Task requirements —
If a line in the records contains the word "Dress", count it; state the resulting number and nothing more.

Study material —
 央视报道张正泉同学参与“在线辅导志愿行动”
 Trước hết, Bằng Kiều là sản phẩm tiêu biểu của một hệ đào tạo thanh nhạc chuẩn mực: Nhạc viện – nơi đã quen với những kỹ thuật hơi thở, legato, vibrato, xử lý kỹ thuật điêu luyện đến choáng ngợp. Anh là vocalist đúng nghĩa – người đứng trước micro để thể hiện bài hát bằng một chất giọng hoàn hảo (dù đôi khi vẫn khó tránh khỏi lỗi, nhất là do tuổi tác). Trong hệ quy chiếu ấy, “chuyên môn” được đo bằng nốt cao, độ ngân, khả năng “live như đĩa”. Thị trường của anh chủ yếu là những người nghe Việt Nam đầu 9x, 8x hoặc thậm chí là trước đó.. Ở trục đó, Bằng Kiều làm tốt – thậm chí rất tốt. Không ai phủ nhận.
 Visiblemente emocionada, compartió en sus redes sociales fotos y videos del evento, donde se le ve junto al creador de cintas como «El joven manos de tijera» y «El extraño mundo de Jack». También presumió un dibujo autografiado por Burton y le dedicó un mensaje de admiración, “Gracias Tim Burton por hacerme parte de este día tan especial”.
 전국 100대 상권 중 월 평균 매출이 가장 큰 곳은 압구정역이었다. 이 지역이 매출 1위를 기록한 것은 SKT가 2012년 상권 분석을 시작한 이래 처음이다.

--

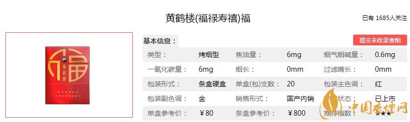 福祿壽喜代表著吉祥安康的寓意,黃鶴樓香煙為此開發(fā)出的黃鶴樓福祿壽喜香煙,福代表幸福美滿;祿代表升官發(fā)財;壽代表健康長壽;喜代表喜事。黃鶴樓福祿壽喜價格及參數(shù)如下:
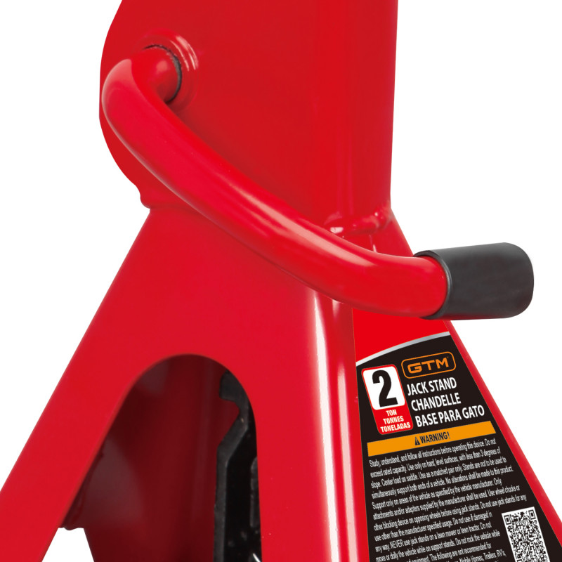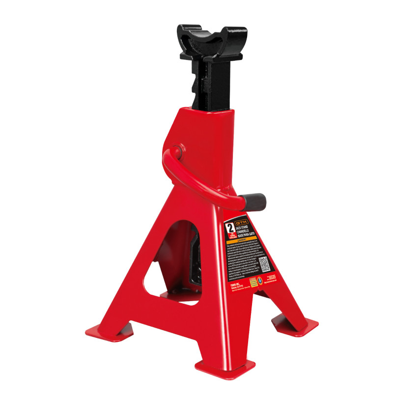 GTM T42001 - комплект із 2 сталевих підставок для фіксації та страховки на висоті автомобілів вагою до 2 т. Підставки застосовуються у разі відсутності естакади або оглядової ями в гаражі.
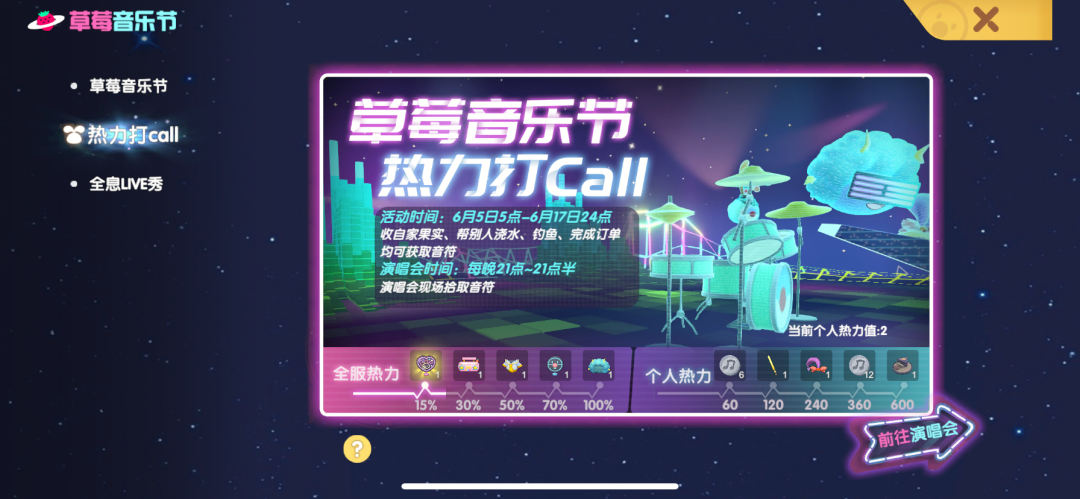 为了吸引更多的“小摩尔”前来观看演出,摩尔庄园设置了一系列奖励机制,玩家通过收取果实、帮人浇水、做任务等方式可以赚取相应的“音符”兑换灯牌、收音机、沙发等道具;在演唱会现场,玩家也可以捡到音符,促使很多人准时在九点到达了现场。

--

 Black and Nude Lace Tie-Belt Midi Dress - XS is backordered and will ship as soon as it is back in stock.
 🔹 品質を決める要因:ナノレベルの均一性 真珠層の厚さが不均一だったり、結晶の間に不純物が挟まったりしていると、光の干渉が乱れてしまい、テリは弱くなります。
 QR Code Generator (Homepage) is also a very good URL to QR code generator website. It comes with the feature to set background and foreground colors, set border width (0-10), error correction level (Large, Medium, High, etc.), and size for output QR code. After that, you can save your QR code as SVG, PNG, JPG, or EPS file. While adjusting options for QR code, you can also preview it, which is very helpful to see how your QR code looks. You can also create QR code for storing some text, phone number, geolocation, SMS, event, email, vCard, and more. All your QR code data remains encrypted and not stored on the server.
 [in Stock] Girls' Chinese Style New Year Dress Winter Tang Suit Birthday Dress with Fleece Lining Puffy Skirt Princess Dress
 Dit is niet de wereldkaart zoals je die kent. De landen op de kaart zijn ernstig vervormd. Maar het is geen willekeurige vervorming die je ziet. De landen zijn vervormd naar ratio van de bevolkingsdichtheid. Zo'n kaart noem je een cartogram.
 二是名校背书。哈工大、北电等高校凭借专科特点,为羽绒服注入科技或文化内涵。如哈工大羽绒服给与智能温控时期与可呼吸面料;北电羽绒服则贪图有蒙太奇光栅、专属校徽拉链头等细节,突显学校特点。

Answer space —
2